Yea...the old chipper branch redirect. I hope is ok. I am sure not the anal type that are some here but, stand way to the side when throwing in "S" shaped logs/branches. That has happened to me but I just jammed my finger something feirce.

Sounds like you have a good/understanding employee.

Best of luck to you and him.


----------



## darkstar (Sep 21, 2005)

hes all druged up and wants to come to work tomorrow .... ???? good climber but hes staying on the couch for now ....dark


----------



## Eagle1 (Sep 21, 2005)

Good move....let him enjoy the pain killers and reflect.


----------



## Shaun Bowler (Sep 21, 2005)

As an X business owner, it sounds to me like you "should turn it in".
Let it go and concentrate on what is happening today.
I have been where you are...
Live and Learn.


----------



## CoreyTMorine (Sep 22, 2005)

What type of chipper was it? could you describe the feed system a little. ground guys that i have talked with like the bandit, with its small high torque feedroles and cramped feed chute, less than they like the bigger feed roles and larger tables on say a morbark hurricane.

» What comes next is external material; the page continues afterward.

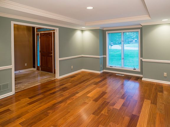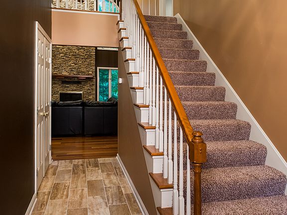 Welcome to this gorgeous home nestled in the woods on a quiet cul-de-sac. Large open kitchen with granite countertops. Nice sized pantry with pull out drawers. Breathtaking stone fireplace goes from floor to cathedral ceiling in living room. Added wet bar in living room with gleaming hardwood floors. First floor master with lg master bath has separate tiled shower and whirlpool tub. Master bath has separate door leading to a private deck. So much space and that's just the first floor! Second floor bedrooms have nice sized closets. Cute window seat and built in bookcases in one bedroom. Full bath on second floor with tiled floor and double vanity. Huge finished walkout basement with brick fireplace is perfect for entertaining. Basement has another full bath and kitchenette.

besides the s branch redirect gotcha, ive seen two guys get nailed by a stub / fist sized chunk that came flying out from the feed chute. they were both 15 or so feet directly behind the chipper, and approaching it with some brush, when they got hit right in the jewels. both times no one knew what had happened until after. one minute everything was going smoothly then i turn and there was a guy writhing on the ground.

the first incedent was with an aspluhnd chuck n duck. the second was a morbark hurricane that was eating a 9 or 1o" log, causing the feed rolls to be open.

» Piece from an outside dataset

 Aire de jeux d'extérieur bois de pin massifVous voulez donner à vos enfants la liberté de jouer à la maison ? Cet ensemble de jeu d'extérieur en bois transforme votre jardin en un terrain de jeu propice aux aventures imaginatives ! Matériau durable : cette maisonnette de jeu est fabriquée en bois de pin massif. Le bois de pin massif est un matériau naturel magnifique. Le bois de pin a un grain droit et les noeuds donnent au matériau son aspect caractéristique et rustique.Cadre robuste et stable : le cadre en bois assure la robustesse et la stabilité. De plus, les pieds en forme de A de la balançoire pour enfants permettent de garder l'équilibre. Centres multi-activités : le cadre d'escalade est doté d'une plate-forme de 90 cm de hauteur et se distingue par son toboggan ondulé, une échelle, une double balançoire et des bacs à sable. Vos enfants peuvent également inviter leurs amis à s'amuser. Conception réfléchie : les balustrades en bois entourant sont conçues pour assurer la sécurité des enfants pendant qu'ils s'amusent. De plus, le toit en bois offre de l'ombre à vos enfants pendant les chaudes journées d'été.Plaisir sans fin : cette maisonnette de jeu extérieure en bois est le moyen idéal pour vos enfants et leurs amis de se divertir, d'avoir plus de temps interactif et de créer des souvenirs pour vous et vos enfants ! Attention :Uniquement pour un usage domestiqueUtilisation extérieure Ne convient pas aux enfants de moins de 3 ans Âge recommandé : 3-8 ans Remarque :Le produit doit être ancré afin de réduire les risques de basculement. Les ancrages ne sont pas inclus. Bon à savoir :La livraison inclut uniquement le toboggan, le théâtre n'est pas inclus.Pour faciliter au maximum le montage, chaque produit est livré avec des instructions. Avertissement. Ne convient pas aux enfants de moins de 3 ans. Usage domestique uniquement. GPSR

i always try and come up to the chipper from the side now.


----------



## darkstar (Sep 22, 2005)

well no slowin this guy down here he comes in today limping up ... i told him to go fix a fence i had purposply smashed on a recent nasty takedown ...more details on the injury are a bit fishy ... somthing about the winch and it getting pulled on at just the moment he was going to undo it ... ouch could have been a finger ... i think the limb whip lashed [cork screwd limb ] and poped him ... no swelling but hes limping for sure oh and shaun ??? why should i turn it in ? my rates will then go up likely 
on another note since ronald the injured climber could not finish the job and my other climber would not touch it [poison ivy ] it could have been throw balled he said he couldnt handle it hmmm so i went up and climbed it turns out it had a large honey bee nest in the bottom they were every where,,,, i cut the log in 8 inch sections going rt. through the honey [[[bummer ]]] but id already cut it in half befor i knew it had a nest in it ...anyhow no stings nothing just a swarm of bees i hope they are gone today .... se yall later dark


----------



## alanarbor (Sep 22, 2005)

darkstar said:


> more details on the injury are a bit fishy ... somthing about the winch and it getting pulled on at just the moment he was going to undo it ... ouch could have been a finger ... i think the limb whip lashed [cork screwd limb ] and poped him ... no swelling but hes limping for suretoday .... QUOTE]
> 
> Check this portion of the winch instruction label. It's good advice to prevent accidental injuries involving winch cables.
> 
> ...


----------



## darkstar (Sep 22, 2005)

ill tell the crew ... my hurt man is running around everywhere already today trying to install this fence i smashed so alls well [[[ BUT A SERIOUS WAKE UP CALL]]]] seeing him in the er on the table must have really hurt cause hes never complained about anything befor ... except the groundies haha


----------



## Eagle1 (Sep 22, 2005)

I have seen and been hit between the eyes from blow out before. I have only sceen this on Vemeers.
I only use Bandit now.


----------



## darkstar (Sep 22, 2005)

yeah we are psyched on a bandit 200 + ...110 hp perkins diesel ...the winch ... the + part is indespensible ..... makes everything easy ...haha i mean .... eaisier ... [[[[well safety check monday morning meeting 6 oclock sharp ]]]]] thanx tree people ......... dark


----------